(Items from a dataset)
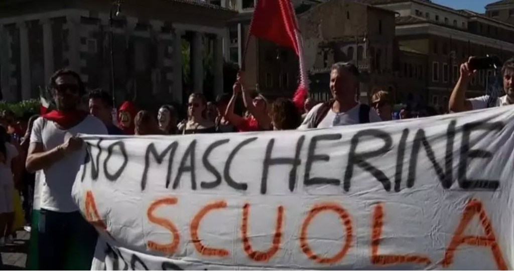 อิตาลี 6 ก.ย. – นักรณรงค์จากทั่วประเทศอิตาลีกว่า 1,000 คน รวมตัวประท้วงมาตรการป้องกันโควิด-19 ของรัฐบาล ปฏิเสธข้อบังคับให้สวมหน้ากากอนามัย อ้างเป็นการลิดรอนเสรีภาพส่วนบุคคล
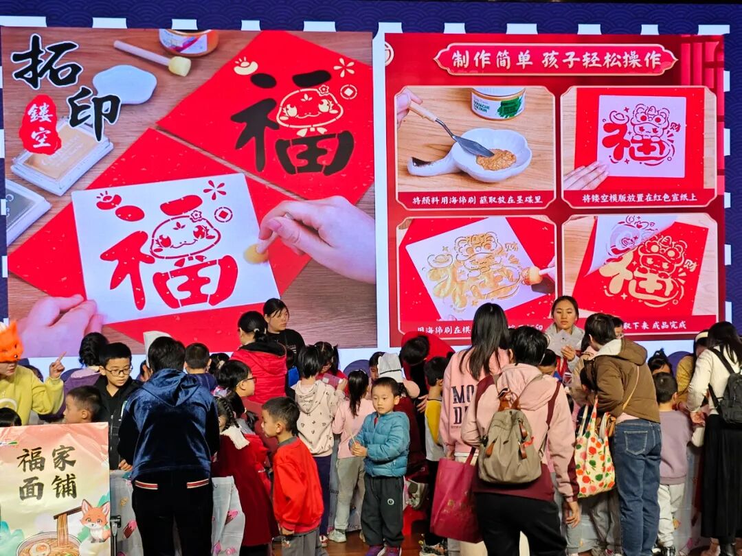 而手工制作环节的“福字拓印”,则将活动的节日氛围推向了高潮。参与者们亲手体验福字拓印的过程,感受传统文化的独特魅力,每一个精心拓印出的福字,都蕴含着对新年的美好期许与祝福。
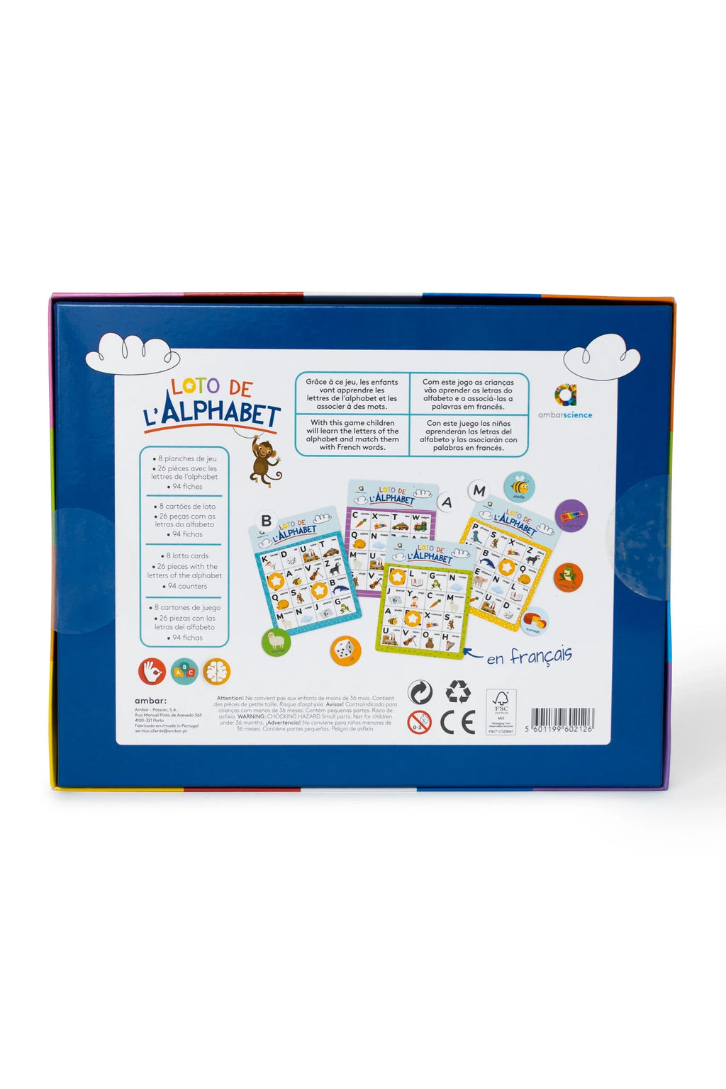 Com o Loto de L'Alphabet vais aprender as letras do alfabeto e a associá-las a palavras e imagens em francês. Este é um jogo muito completo que vai proporcionar divertidos momentos de aprendizagem, podendo ser jogado por toda a família.
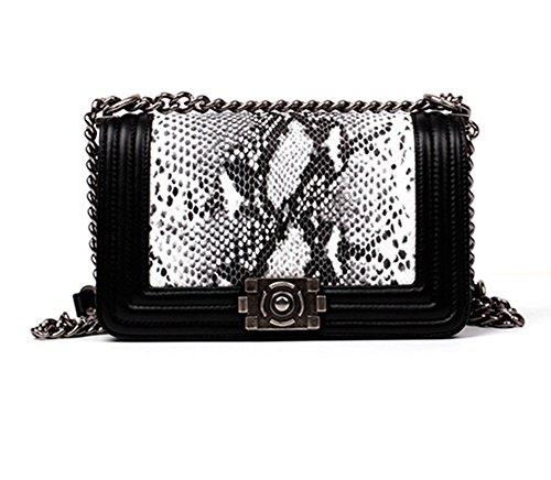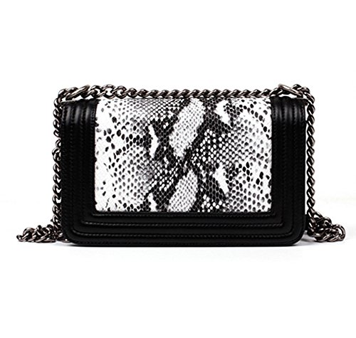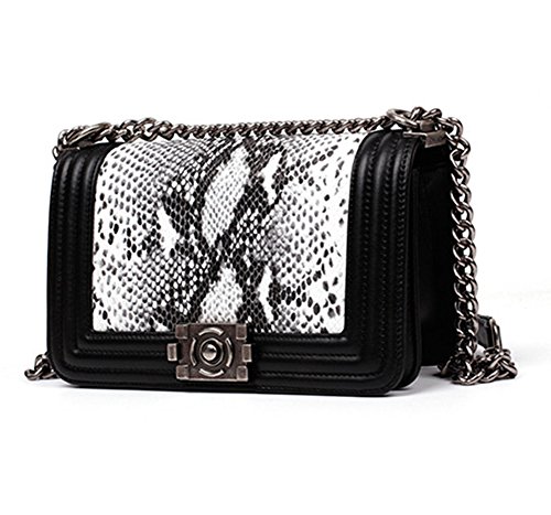 Ainifeel Genuine Leather Snakeskin Embossed Shoulder Handbag Crossbody Bag With Chain Strap
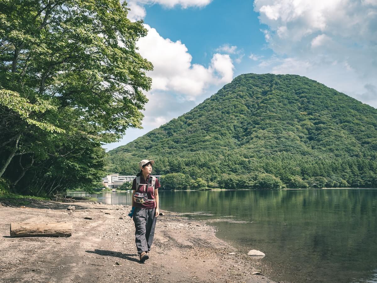 榛名富士を後にして、湖畔へと下ります。目の前に広がるのは、青く澄んだ榛名湖。念願の水辺ハイクに、ミノリさんも思わずにっこり。「水辺の道を歩けるなんて最高ですね!」と足取りも軽やか。

● **The task**: Skip all pictures. Copy exactly the lines from the one containing "Com o Loto de" through the end of the records, both ends included.

● **Completed exercise**:
 Com o Loto de L'Alphabet vais aprender as letras do alfabeto e a associá-las a palavras e imagens em francês. Este é um jogo muito completo que vai proporcionar divertidos momentos de aprendizagem, podendo ser jogado por toda a família.
 Ainifeel Genuine Leather Snakeskin Embossed Shoulder Handbag Crossbody Bag With Chain Strap
 榛名富士を後にして、湖畔へと下ります。目の前に広がるのは、青く澄んだ榛名湖。念願の水辺ハイクに、ミノリさんも思わずにっこり。「水辺の道を歩けるなんて最高ですね!」と足取りも軽やか。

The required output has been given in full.